By Elizabeth Low and Grant Smith

(Bloomberg) Oil traded near a six-week low as industry data showing an increase in U.S. crude stockpiles re-affirmed expectations that global markets will be oversupplied in the first part of the year.

Futures steadied near $58 a barrel as traders focused on the approaching seasonal lull in demand once winter ends. The American Petroleum Institute reported inventories expanded by 1.1 million barrels last week, according to people familiar with the data. OPEC warned of surging supplies from competitors from Norway to Guyana this year that could keep oil markets weak.

U.S. crude inventories are recovering after year-end dip

West Texas Intermediate crude for February delivery rose 5 cents to $58.28 a barrel on the New York Mercantile Exchange as of 9:07 a.m. local time. The contract closed Monday at the lowest since Dec. 3. Concerns that the U.S. and Iran were headed for conflict over the killing of an Iranian general, which sent prices soaring earlier this month, have largely dissipated.

Front-month WTI futures were at a discount, or contango, to second-month for a second day, a relationship normally suggesting oversupply.

Brent futures for March settlement dropped 3 cents to $64.46 a barrel on the ICE Futures Europe exchange after climbing 0.5% on Tuesday.

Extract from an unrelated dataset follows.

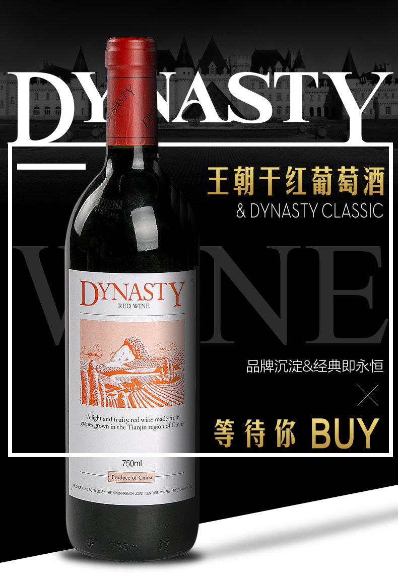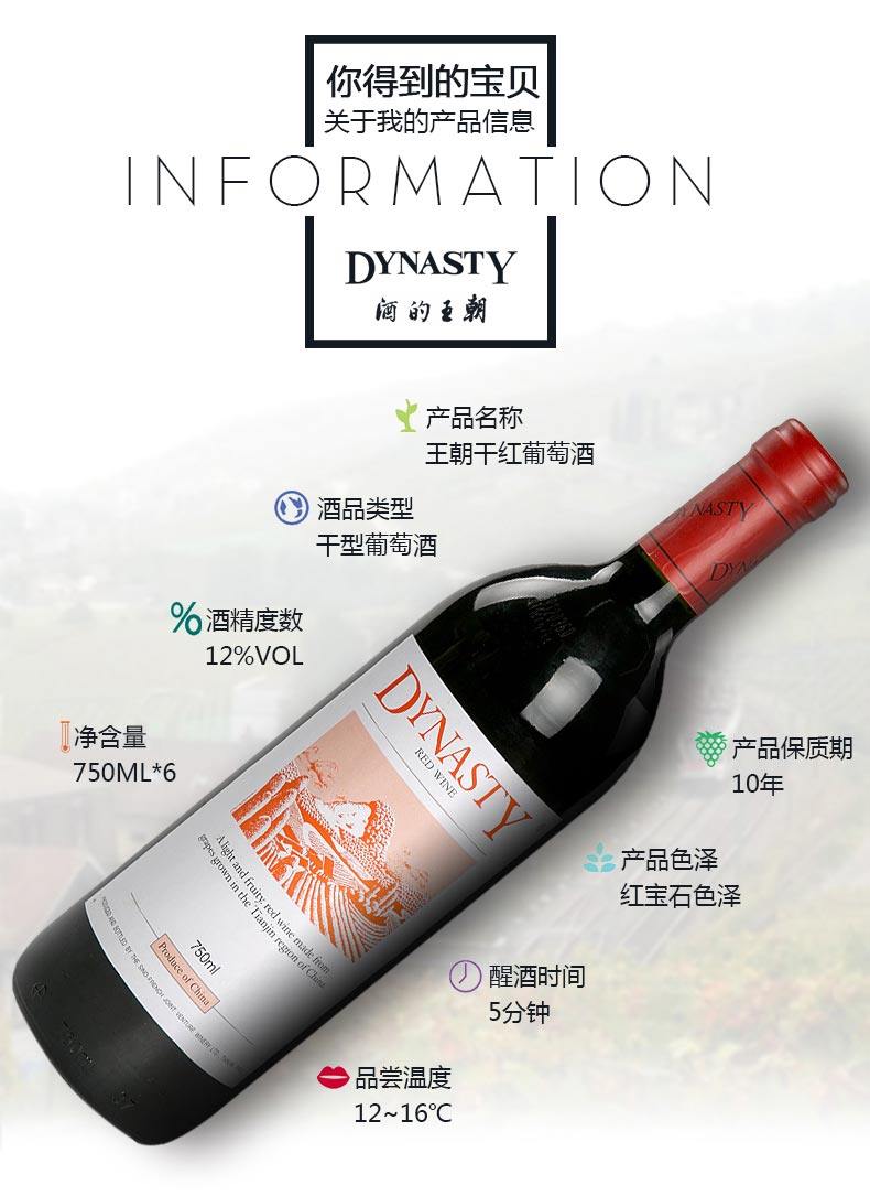 王朝红酒 中法合营王朝干红葡萄酒 DYNASTY王朝窖藏干红 750ml*6

The global benchmark crude traded at a $6.16 premium to WTI for the same month.

“The preliminary API data is likely weighing on sentiment this morning,” said Harry Tchilinguirian, head of commodity markets strategy at BNP Paribas SA.


The U.S. government’s Energy Information Administration will release official data on stockpiles later on Wednesday. Analysts surveyed by Bloomberg forecast it would show inventories rose by 1.1 million barrels in the week ended Jan. 10, in line with the API’s numbers. That would be the second straight increase following three weeks of declines.

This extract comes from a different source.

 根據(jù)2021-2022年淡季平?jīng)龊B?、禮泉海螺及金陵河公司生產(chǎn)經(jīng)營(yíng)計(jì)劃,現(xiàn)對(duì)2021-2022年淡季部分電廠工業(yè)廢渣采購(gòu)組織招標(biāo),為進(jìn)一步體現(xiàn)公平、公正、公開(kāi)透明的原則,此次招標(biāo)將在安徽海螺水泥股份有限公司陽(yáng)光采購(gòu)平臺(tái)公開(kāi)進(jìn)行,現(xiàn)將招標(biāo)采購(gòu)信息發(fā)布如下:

President Donald Trump’s impending initial trade agreement with China has also impacted oil prices. The pact, in theory, defuses tensions that weighed on markets throughout last year, but isn’t wholly assuaging concerns.

Existing U.S. tariffs on Chinese goods are likely to stay in place until after the presidential election, people familiar said, while Reuters reported America is drafting more rules to block sales to Huawei Technologies Co.

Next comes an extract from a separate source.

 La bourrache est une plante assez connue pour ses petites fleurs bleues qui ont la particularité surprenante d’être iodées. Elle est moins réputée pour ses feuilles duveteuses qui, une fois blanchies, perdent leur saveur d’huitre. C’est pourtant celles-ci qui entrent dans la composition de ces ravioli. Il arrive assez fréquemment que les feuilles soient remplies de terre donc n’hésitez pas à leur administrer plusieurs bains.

“While the stay in existing tariffs may be disappointing, further details from the agreement tonight might change the mood in the market,” said Howie Lee, an economist at Oversea-Chinese Banking Corp. in Singapore. “Additional positive details, especially pertaining to phase-two negotiations, might yet give crude prices a lift.”

Other oil-market news
  • A BloombergNEF report released Tuesday said that a predicted slowdown in Permian Basin output won’t be as severe or swift as some executives are predicting.
  • Russia and the U.A.E. said that OPEC and its allies will proceed with a scheduled meeting in March to decide whether to continue production cuts. Tass reported Tuesday that it might be canceled.
  • U.S. oil output growth could decelerate by more than 50% next year, the EIA forecast, as greater capital discipline cuts drilling rigs in America’s largest shale patch.
  • An Arctic blast sweeping across Western Canada is weighing on the price of heavy crude. Temperatures in Alberta and Saskatchewan are cold enough to render the region’s viscous oil rock solid.